Вдохновение, позволившее бы нащупать правильные слова, витало передо мной. Оставалось ухватить его за хвост и молиться всем богам, чтобы убеждённость магички в своей правоте не затмила разумность моих доводов. Паника не приведёт к результатам.
— Хорошо, — сказал я и взялся за ножны, — И всё же меня беспокоит то, что ты говоришь. Ты по-настоящему рассматривала возможность покупки ребёнка для того, чтобы я убил его?
Девушка пожала плечами.
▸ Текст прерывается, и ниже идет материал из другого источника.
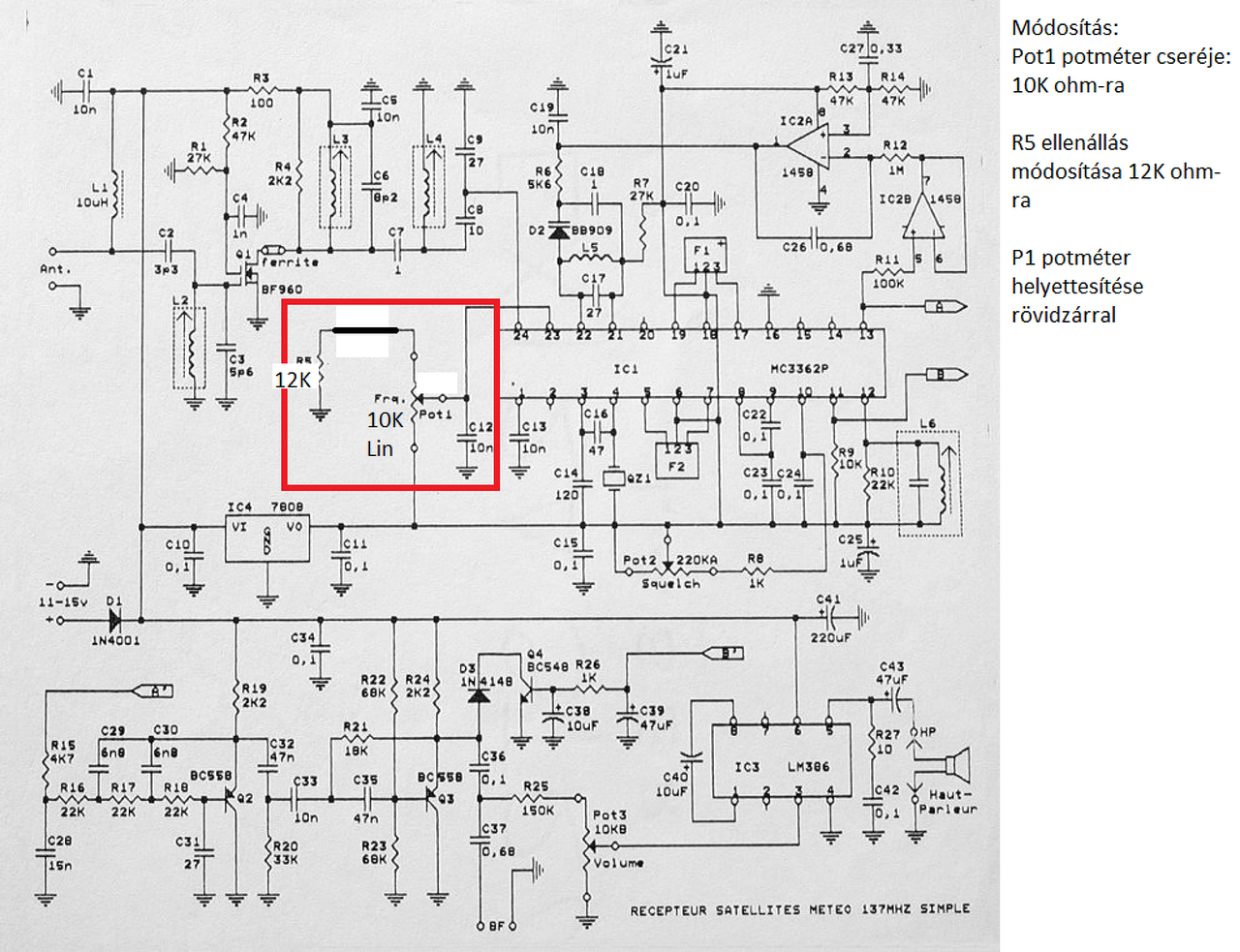 A másik, a topikban már sokszor említett "francia műholdvevő" : Bővebben: Link. Ez is elindult elsőre, erről készítettem egy rövid videót is: Bővebben: Link Viszont az IC 23-as lábánál módosítottam a kapcsolási rajzon (lásd: melléklet, pirossal jelöltem), hogy kicsit csökkentsem az oszcillátor átfogását. Így most nagyjából 136,6MHz-től 138,1MHz-ig lehet hangolni, ami teljesen bevált (frekvenciamérővel ellenőriztem). A kérdésem ehhez annyi lenne, hogy ettől a módosítástól függetlenül azért még továbbra is rendesen fog működni az AFC áramkör (MC1458-as IC) ? Tehát ezzel nem rontottam el semmit, csak a sávátfogást csökkentettem? |

Очевидно, повторяться она не собиралась.
— Подобные… испытания абсолютно неприемлемы. Я готов повиноваться приказам Владыки, но это не означает, что гибель беззащитных невинных людей хоть сколько-нибудь оправдана.
— Почему? Если это поможет тебе преодолеть внутренние барьеры, значит, тренировка принесёт пользу.
Я замотал головой так яростно, что в глазах засверкали звёзды.
— Ломать волю, ломать внутренний стержень — это не польза! Пусть даже рыцарь Владыки должен быть готов совершить во славу своего господина любой поступок, но часто ли от него требуется беспорядочное зверство? Поощряет ли Владыка насилие ради насилия, доволен ли убийством ради убийства? Ты… ты слишком резкая, слишком порывистая. Кто нужен Владыке сильнее: склонившийся перед ним по своей воле слуга или подавленный, униженный раб, который при первом же удобном случае отомстит?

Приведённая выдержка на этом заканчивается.